DCA is a strategy that provides the opportunity to buy Bitcoin at different prices, given its volatile nature. By using this DCA method, instead of buying Bitcoin all at once and later seeing the price drop due to various factors, you can consistently invest over time. This approach helps to accumulate Bitcoin at various price levels, potentially leading to more profits in the long run.
Additionally, DCA prevents the risk of missing investment opportunities by avoiding the need to time the market. Waiting for the price of Bitcoin to drop before investing can cause people to miss out opportunity to invest, as the price may not decrease to the desired level they want but By regularly buying Bitcoin through the DCA method, investors can continuously acquire Bitcoin at different prices, rather than waiting for a perfect entry point that may never come.
DCA is the best way to accumulate bitcoins at different prices, this allows us to vary the price we buy over time and this is one of the most widely used investment examples because buying all at once feels like it would be hard for us because we don't have a lot of money to do that.

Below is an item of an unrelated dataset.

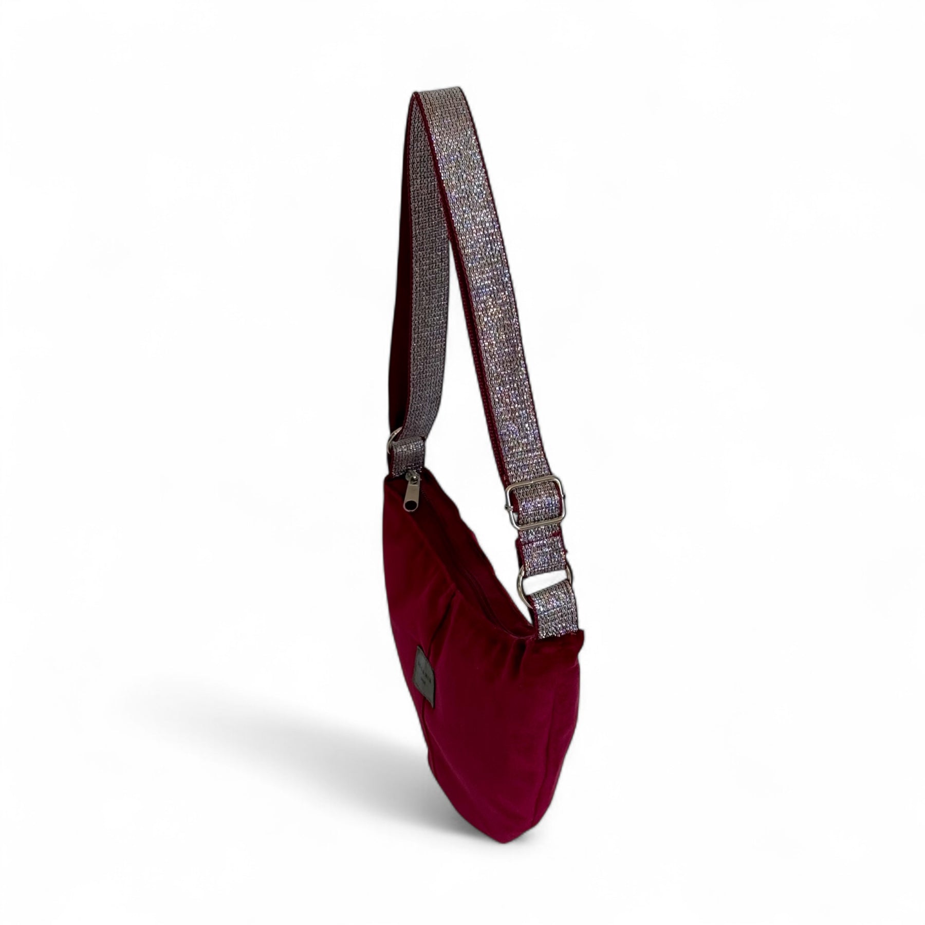 Bolso pequeño edición fiesta con asa larga ajustable. Con un tejido de terciopelo de color burdeos. Opción de llevarlo al hombro o como bandolera. Bolsillo interior con cremallera. Asa de cinta de algodón de color burdeos con lurex plateado en una cara. Etiqueta de marca de polipiel plateada. Para su correcto mantenimiento se aconseja lavarlo en frío a mano y no utilizar secadora.

Actually, even buying at once at a price of $66K then the price drops to $40K is nothing to worry about because you buy in a lump sum for the long term then bitcoin will definitely go up again so there is no need to worry about this.
That's DCA beginners and old investors still use it the same as the opportunities that we do, therefore this is just instead of waiting for uncertain prices unless they buy at any price no matter the bitcoin for a period of 5 years then it is clear that the benefits will be obtained later.